Monday, February 27, 2012

"God is not a bookkeeper, God is a painter."


Michael retired to the upstairs of his home in 2001 and took refuge in two rooms of his art studio.  “God is not a bookkeeper,” he tells me.  “God is a painter.”

While  writing Miss Ellie's Cafe, I stumbled on a painting by Luis Canizare in a restaurant on Old Brompton Road in London.  I am by no means an art connoisseur, however I was taken with this particular painting, Cambio de Tercio, and began to think of ways to incorporate it into the novel.  I had a painter as a minor character.  I needed to know more about the methods and what inspires painters, so I called Michael to schedule a visit.

Before you walk into Michael and Brenda’s modest home on Main Street, you are at first reminded of grandmother’s house in the early 1900’s; two story, white clapboard with a wrap-around front porch.  Once inside, however, you know that grandmother would never have allowed such things.  The walls are covered from ceiling to floor with large canvases and an assortment of serial abstracts.  In the middle of all of this sits a newly renovated kitchen with brass pots hanging from the ceiling and an antique cherry dining room table with silver tea settings on the buffet.  That’s Brenda’s world.  Michael’s world is upstairs.  “The most important benefit in my life (and strong goad to believe in Divine Providence) was to get the right wife,” he says.

Upstairs, paintings continue to hug one another frame to frame, and then you walk into “the studio.”  It is the desk of the great mathematician who has no time for organization, the desktop of the financial wizard who deplores folders or the philosopher who refuses to keyhole ideas into categories.  Surrounding me is a sprawl of acrylics, oils, pastels, brushes, oils, turpentine and, gasp - electrical wires.  A small heater sits in the corner of the room and a lamp from Michael’s boyhood provides light across a 6’x 6’ piece of plywood, used to create an extended table-top.

Having oriented me to the place he most loves, Michael proceeds to demonstrate a technique he’s developed call Line Painting.  Taking a pre-stretched canvas, which runs about $50 - $60 each, Michael uses an eyedropper to dip into small amounts of paint he has poured into plastic dishes.  As cautious as a surgeon, he releases two or three drops at the top of the canvas.  He slowly turns the canvas as the drops move to give the paint a bit of a sinuous curved.  When the  paint slows to a stop, he adds a few more drops to extend the line and continues to turn the canvas to accentuate the sinuous curve.  This is done several times before the line finally reaches its home base on the other side of the canvas.  That’s the FIRST line, mind you.  The first of hundreds more to come, maybe even thousands.

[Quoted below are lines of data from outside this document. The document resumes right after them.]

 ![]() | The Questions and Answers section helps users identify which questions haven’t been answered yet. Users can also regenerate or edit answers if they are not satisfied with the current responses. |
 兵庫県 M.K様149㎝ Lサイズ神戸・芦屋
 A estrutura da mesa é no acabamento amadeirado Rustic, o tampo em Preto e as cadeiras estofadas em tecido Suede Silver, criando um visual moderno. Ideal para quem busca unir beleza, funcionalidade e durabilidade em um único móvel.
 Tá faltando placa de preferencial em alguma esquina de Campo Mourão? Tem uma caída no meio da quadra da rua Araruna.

Michael warns me there are several things to watch for.  If the artist becomes impatient and adds too much paint at once the line may break and take off in an entirely different direction.  The paint must be the correct viscosity, thin enough to flow freely but thick enough to create solid opaque lines. “It’s all so simple when you think about it, and yet, I’m amazed at the number of unspoken assumptions I live by.”  A painting can start out as one picture and slowly develop into something entirely unexpected…sort of like life.

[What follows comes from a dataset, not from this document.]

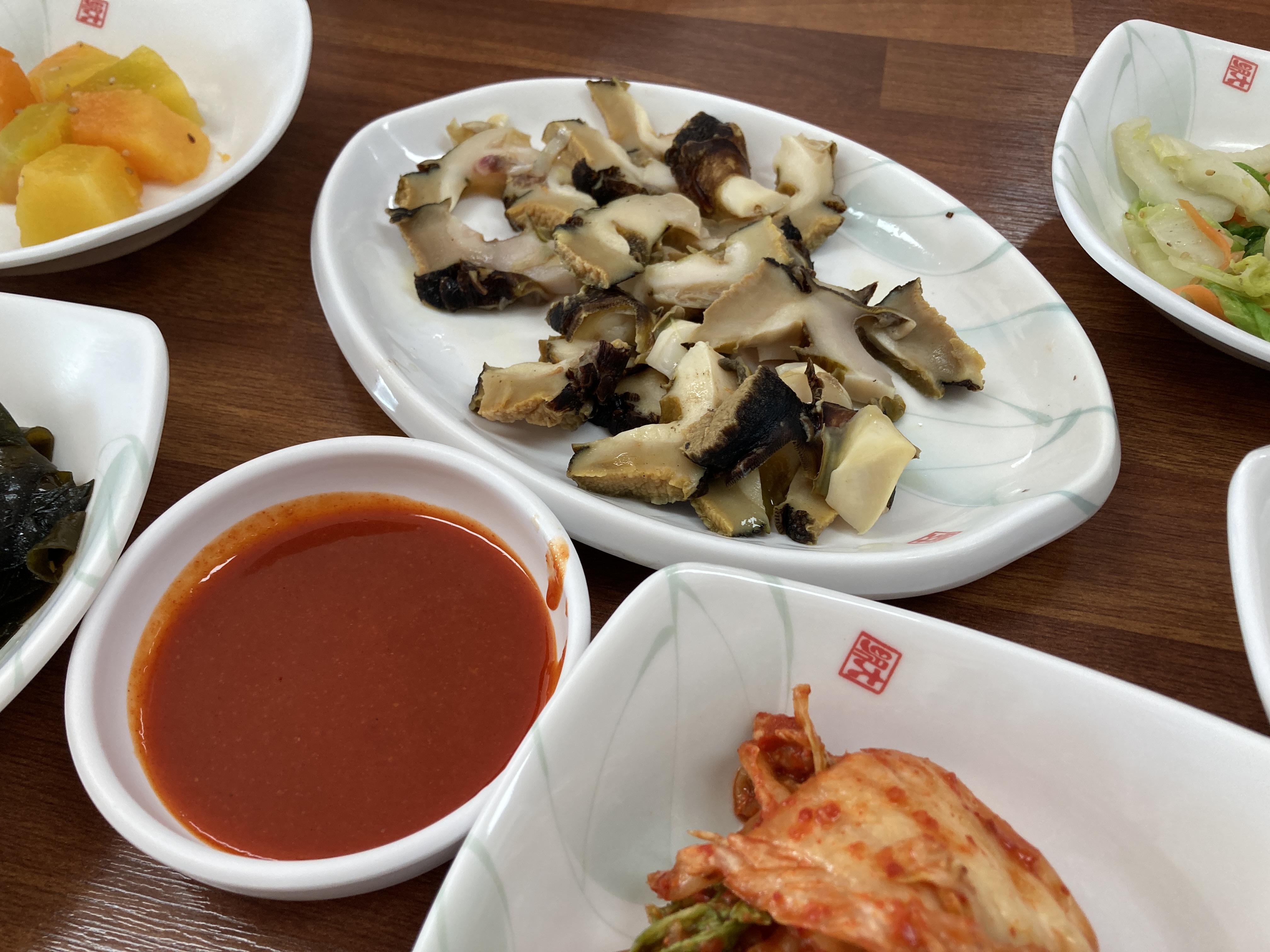 데친 소라도 나왔습니다. 초장에 찍어도, 안 찍어도 맛있었습니다. 쫄깃하고 약간 은은한 달큰함~

Line Painting is labor intensive and time consuming.  Each line has to dry before the next one can be added to make sure that the first and second don’t bleed into each other.  This requirement for patience can sometimes be excruciating.  “The Devil is always tapping on the window.  I have to constantly remind myself to honor my profession.”

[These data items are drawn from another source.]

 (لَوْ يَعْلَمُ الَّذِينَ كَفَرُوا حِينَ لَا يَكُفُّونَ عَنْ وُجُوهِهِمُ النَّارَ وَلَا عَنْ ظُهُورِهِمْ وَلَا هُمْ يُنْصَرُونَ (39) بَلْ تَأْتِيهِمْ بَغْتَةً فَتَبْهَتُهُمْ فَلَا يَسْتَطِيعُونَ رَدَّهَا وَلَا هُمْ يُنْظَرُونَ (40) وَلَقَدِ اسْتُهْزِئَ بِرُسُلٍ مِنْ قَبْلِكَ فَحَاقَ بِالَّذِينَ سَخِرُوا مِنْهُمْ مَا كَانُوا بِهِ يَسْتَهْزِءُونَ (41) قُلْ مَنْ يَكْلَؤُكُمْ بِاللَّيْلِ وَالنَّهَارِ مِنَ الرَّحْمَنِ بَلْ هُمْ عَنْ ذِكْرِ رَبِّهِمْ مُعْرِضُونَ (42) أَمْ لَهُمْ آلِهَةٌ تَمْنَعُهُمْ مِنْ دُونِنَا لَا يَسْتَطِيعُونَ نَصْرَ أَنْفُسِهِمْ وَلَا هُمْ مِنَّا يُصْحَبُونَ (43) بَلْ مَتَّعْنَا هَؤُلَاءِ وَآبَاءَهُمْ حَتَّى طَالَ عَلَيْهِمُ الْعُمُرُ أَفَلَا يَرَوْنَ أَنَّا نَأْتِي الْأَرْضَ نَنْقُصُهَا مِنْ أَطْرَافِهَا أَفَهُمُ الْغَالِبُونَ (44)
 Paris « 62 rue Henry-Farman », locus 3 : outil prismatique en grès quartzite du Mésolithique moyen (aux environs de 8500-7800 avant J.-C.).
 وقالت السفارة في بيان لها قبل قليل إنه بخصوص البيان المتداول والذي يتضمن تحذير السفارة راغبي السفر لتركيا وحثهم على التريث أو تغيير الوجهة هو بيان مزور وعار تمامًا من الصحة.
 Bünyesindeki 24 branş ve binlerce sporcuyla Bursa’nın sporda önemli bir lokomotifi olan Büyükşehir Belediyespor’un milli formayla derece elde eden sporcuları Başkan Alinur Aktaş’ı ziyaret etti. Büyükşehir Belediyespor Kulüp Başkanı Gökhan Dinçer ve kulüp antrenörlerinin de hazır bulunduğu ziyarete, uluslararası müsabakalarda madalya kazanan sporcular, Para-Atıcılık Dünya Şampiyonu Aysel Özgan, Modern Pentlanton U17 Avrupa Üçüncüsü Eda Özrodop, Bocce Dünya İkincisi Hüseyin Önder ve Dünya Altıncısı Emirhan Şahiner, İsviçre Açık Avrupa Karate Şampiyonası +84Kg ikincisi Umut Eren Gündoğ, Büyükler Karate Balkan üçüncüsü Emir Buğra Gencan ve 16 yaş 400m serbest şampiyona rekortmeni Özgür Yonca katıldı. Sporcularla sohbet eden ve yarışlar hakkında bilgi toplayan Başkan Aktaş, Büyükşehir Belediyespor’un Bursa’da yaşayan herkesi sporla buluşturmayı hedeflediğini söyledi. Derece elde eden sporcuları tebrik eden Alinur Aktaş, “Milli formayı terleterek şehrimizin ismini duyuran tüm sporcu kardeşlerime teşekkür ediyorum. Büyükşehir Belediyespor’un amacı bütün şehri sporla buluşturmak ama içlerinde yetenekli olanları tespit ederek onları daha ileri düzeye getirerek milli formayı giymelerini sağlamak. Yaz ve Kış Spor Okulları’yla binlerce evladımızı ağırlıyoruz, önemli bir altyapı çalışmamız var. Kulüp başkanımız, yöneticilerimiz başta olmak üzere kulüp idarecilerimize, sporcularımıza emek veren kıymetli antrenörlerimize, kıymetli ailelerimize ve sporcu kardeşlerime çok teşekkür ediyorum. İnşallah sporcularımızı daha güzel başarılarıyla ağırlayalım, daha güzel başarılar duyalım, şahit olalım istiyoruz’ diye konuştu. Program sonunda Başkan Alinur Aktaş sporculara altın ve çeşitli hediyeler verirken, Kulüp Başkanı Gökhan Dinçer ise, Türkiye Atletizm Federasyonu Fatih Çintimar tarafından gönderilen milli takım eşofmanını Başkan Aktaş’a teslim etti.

Michael’s work can be found at Harbor Gallery in Norfolk, VA.  For more information regarding his paintings, contact me at www.brendaremmes.com  and I will gladly forward messages.  Bits and pieces of the information he provided are scattered throughout my novel, but unfortunately, far too much related to the talent and labor involved was determined to be unrelated back story.  Back story for a novel, perhaps, but the ingredients that create masterpieces in real life.




1 comment:

  1. I am impressed with Michael's work, in particular, the patience and dedication it requires. But even more, I love his quote, "God is not a bookkeeper, God is a painter." I am writing that down.